Frauenfreundschaften gegen Stress, Ängste und andere Sorgen sind wunderbar und sehr hilfreich! Es gibt tausend Gründe dafür, warum Freundschaften gesund und notwendig sind.

Viele Studien und Arbeiten im Bereich der Gesellschaftspsychologie bestätigen eine ganz konkrete Tatsache, die sehr interessant ist:

Frauenfreundschaften haben einen weitaus intensiveren und positiveren Effekt als Freundschaften zwischen Männern und sind sehr wichtig, um Stress und Nervosität zu reduzieren!

Wir laden dich ein, mit uns über Frauenfreundschaften gegen Stress nachzudenken.

In einer leeren Welt sind Frauenfreundschaften besonders positiv

Herz vor der Sonne als Symbol für Frauenfreundschaften gegen Stress

In unserer heutigen Gesellschaft sind wir zwar ständig mit vielen Menschen „vernetzt“, jedoch trotzdem immer weiter von diesen entfernt und immer öfter einsam.

Viele rühmen sich, unzählig viele Freundschaften in sozialen Netzen zu pflegen, ständige Benachrichtigungen über elektronische Geräte sind ganz normal, Gefühle werden mit einer kleinen Fingerbewegung durch Emoticons übertragen… doch im wahren Leben fehlt es oft an Empathie.

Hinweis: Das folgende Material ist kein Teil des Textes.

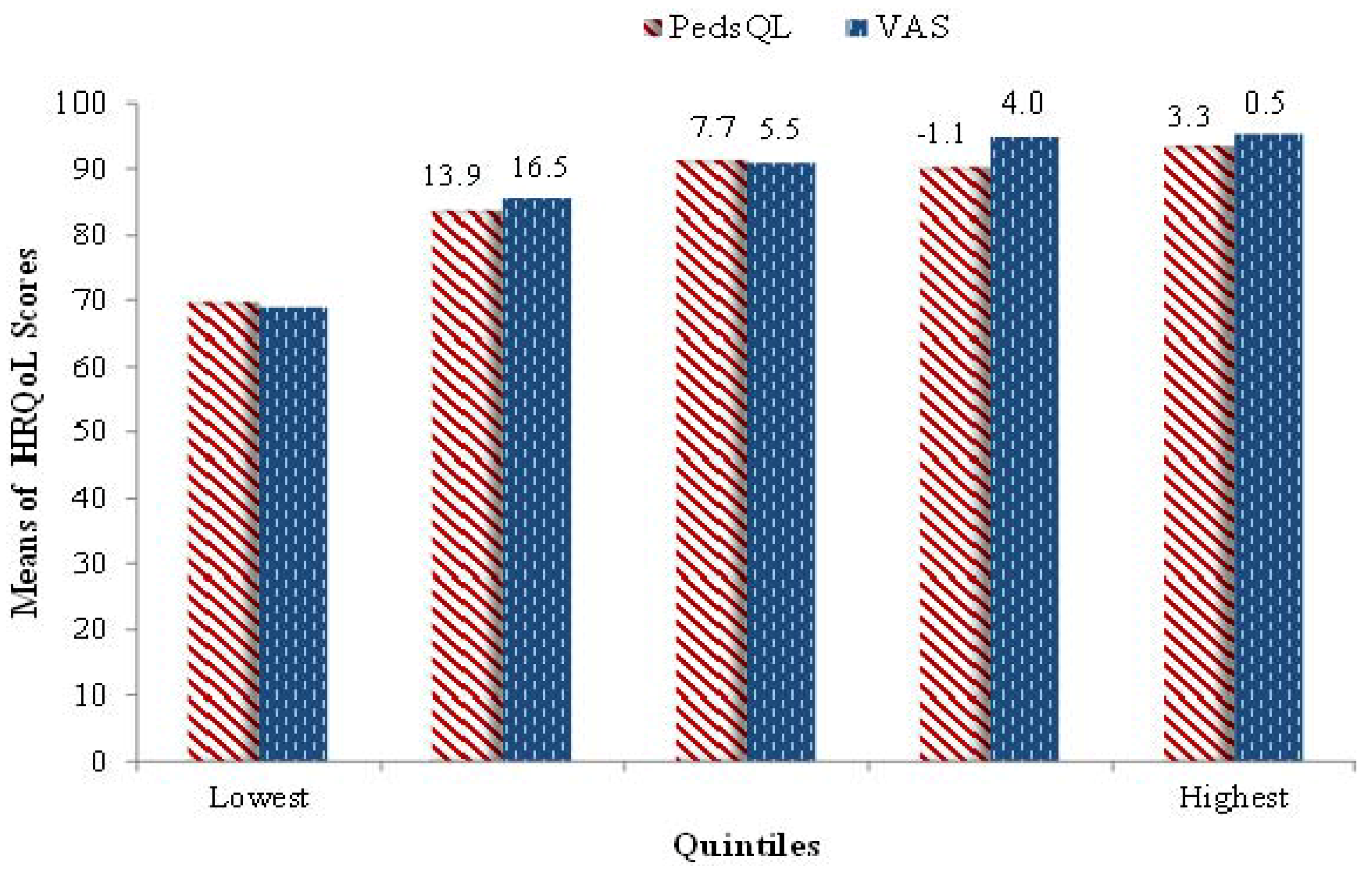 Means of VAS (PedsQLTM) Scores by Quintiles of PedsQLTM (VAS).

In Whatsapp-Gruppen begrüßen wir uns täglich und wünschen all den Freunden gute Nacht, doch je mehr Nachrichten wir verschicken, desto größer die Leere und das Gefühl, dass etwas in unserem Leben fehlt. 

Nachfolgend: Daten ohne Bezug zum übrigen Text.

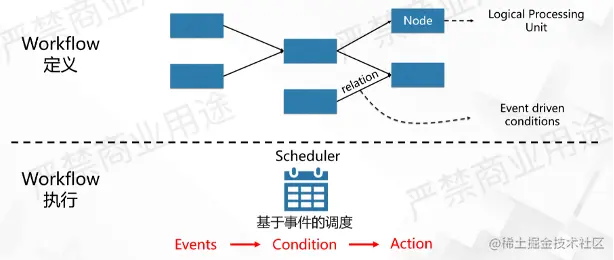 Workflow定义会定义Node和Relation,即定义节点和节点之间的关系。在Flink AI Flow里面,我们把一个节点定义成一个Logical Processing Unit,然后把这个节点之间的关系定义成Event driven conditions。在这样的抽象下面,在Workflow执行层面做了一个基于事件的调度。

Und dieses Etwas ist ein zufriedenstellendes Leben, in dem du von ganz besonderen Menschen umgeben bist, die dir ins Gesicht schauen und ihre Nähe zeigen, die dich glücklich machen, da sie es dir ermöglichen, eine Freundschaft aufzubauen.

Es handelt sich um außergewöhnliche Menschen, die es lieben, ihr Leben mit dir zu teilen, ohne sich davon etwas zu erwarten.

Mit diesen Frauenfreundschaften kann die existenzielle Leere gefüllt werden, du kannst damit deinen Geist und deinen Körper gesund halten!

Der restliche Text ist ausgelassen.